In order to explore the improvement of colitis clinical symptoms by the probiotic NTU 101, previously isolated by our group, DSS was used to induce symptoms similar to UC in mice, with equivalent prevention and treatment. Colitis symptoms, such as weight loss, diarrhea, and anal bleeding, were induced in mice after 7 d of induction with DSS-supplemented drinking water. Feeding of NTU 101 alleviated the weight loss caused by DSS and inhibited DAI, while increasing the amount of Bifidobacterium spp. in the cecum, and modulating immune activity. The probiotic strains also reduced the oxidative stress caused by DSS by enhancing the antioxidative capacity of total antioxidants capacity (GR, GSH, CAT, SOD, MDA), and hindering the secretion of proinflammatory cytokines, such as TNF-α, IL-6, IFN-γ, and IL-12. Based on our study, continuous feeding of NTU 101 powder could reduce oxidative stress and the inflammatory response, slowing down the aggravation of clinical symptoms during UC. The possible mechanisms relieving symptoms of UC by NTU 101 are shown as Fig. 7.

Fig. 7

The possible pathways of relieving symptoms.

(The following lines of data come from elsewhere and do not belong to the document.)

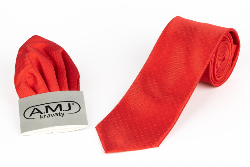 AMJ Kravata pánská s kapesníčkem AMJ, puntíky, KK0545, červená
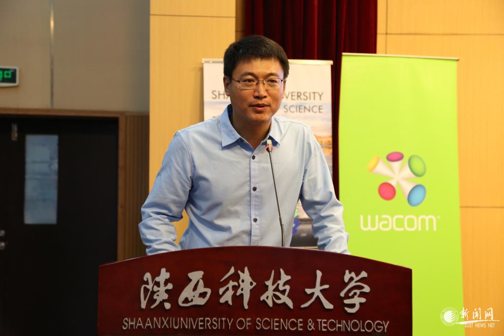 劉俊麟在致辭中回顧了與陜西科技大學(xué)的合作經(jīng)歷,對(duì)我校多年以來(lái)在科技與人才方面的支持和合作表示感謝。他指出,Wacom公司長(zhǎng)期以來(lái)致力于傳播先進(jìn)的CG理念,近年來(lái)在國(guó)內(nèi)多所大學(xué)開展藝術(shù)沙龍、學(xué)術(shù)報(bào)告,有效促進(jìn)了行業(yè)前沿技術(shù)需求與學(xué)生專業(yè)技能的對(duì)接。他希望未來(lái)能繼續(xù)與我校保持良好合作,共同促進(jìn)國(guó)內(nèi)CG產(chǎn)業(yè)的發(fā)展。
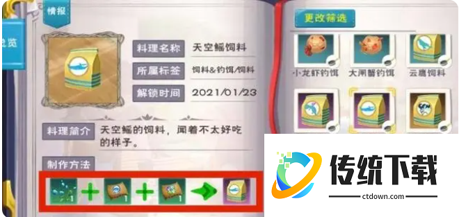 天空鳐的饲料除了购买外,还可以通过烹饪来合成。合成材料为天空果实+符文精华包+四叶草包。
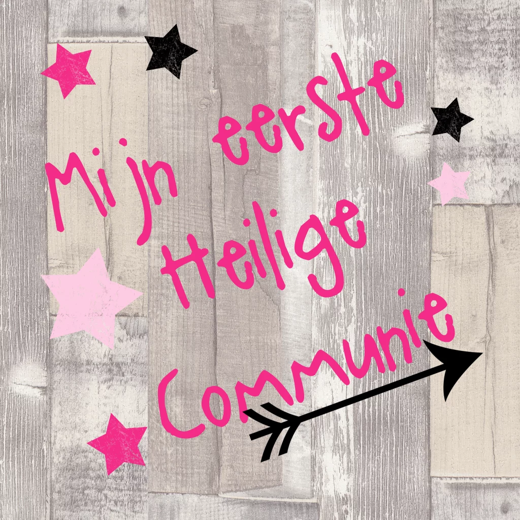 Stoer communiekaartje meisje met hout en sterren
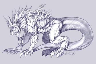 WOW! Such detail! I bet your poor hand is cramping... so many scales and skulls amd every other little thing .. I adore his head and the little collar on his neck .. this is a wonderful piece so far.. I can't wait to see it finished
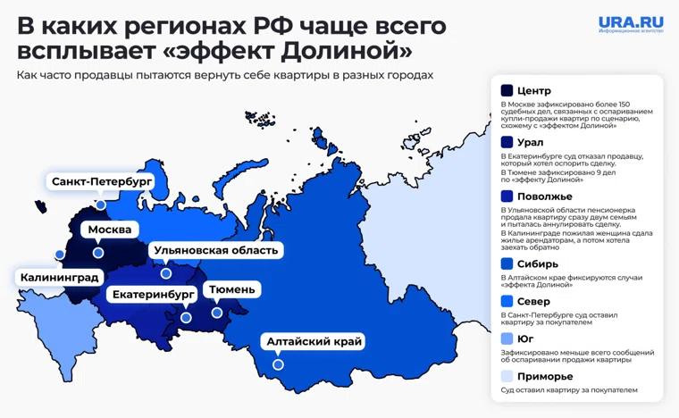 В обиходе россиян появилось выражение «эффект Долиной». Так стали обозначать ситуацию, при которой продавец недвижимости, через суд признает сделку купли-продажи недействительной и возвращает ее себе. При этом средства добросовестным покупателям не возвращаются. В Москве, по данным специалистов, зарегистрировано около 150 судебных разбирательств, связанных с оспариванием договоров купли-продажи недвижимости. В каких российских регионах всплывает «эффект Долиной» — в материале URA.RU.
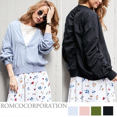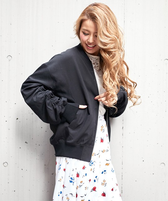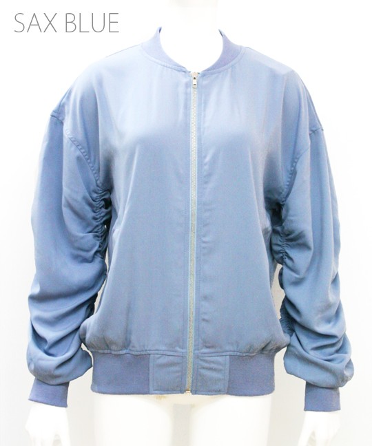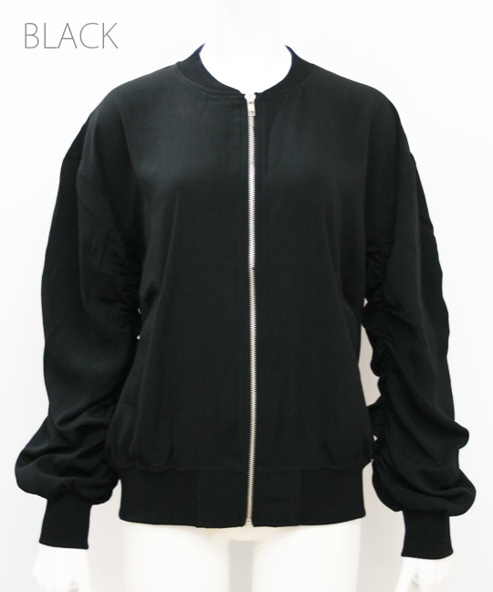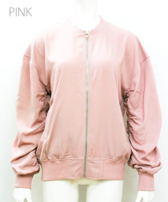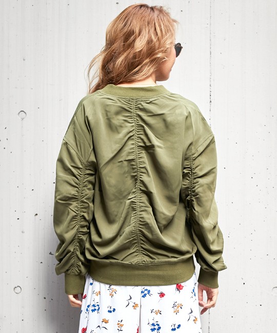 ルーズなシルエットのシャーリングブルゾン。<br>全体的にくしゅくしゅっとシャーリングを入れ、自然なボリューム感と女性らしい丸みのあるシルエットに!!<br>スキニー・ワイドパンツ・デニムなどどんなボトムとも相性抜群◎ <br>◆モデル 身長165cm<br><br>Mサイズ<br><br><br><br><br>
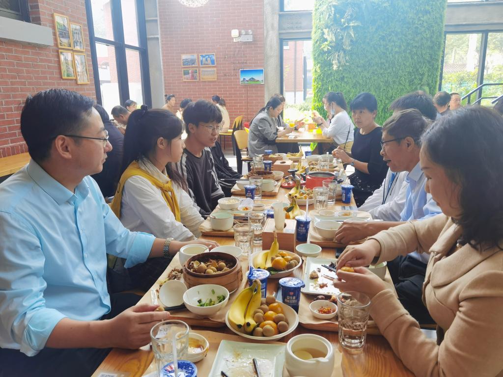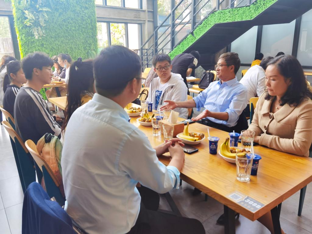 工作之余,“院士午餐会”第二弹也以此为契机开展。中国科公司院士陈学思、伟德国际VICTOR1946经理朱锦涛、党委副书记吴疆鄂、辅导员刘琦与吴学周精英班员工代表童桐、路伊达、盛岚、王源源来到梧桐语东华园,共进午餐。

In conclusion, the difference in therapeutic effect between BCRC 14023, BCRC16000 and NTU 101 in vivo suggests a role for the cell surface in determining its therapeutic efficacy. Given the current data, our attitude regarding the use of probiotics in IBD is that they should be considered as adjunctive therapies. We encourage patients who want to take a probiotic to continue their pharmaceutical-based treatment regimen; they can then use probiotics as a potential adjunct, as the probiotics likely will not cause any severe side effects and could provide some benefit.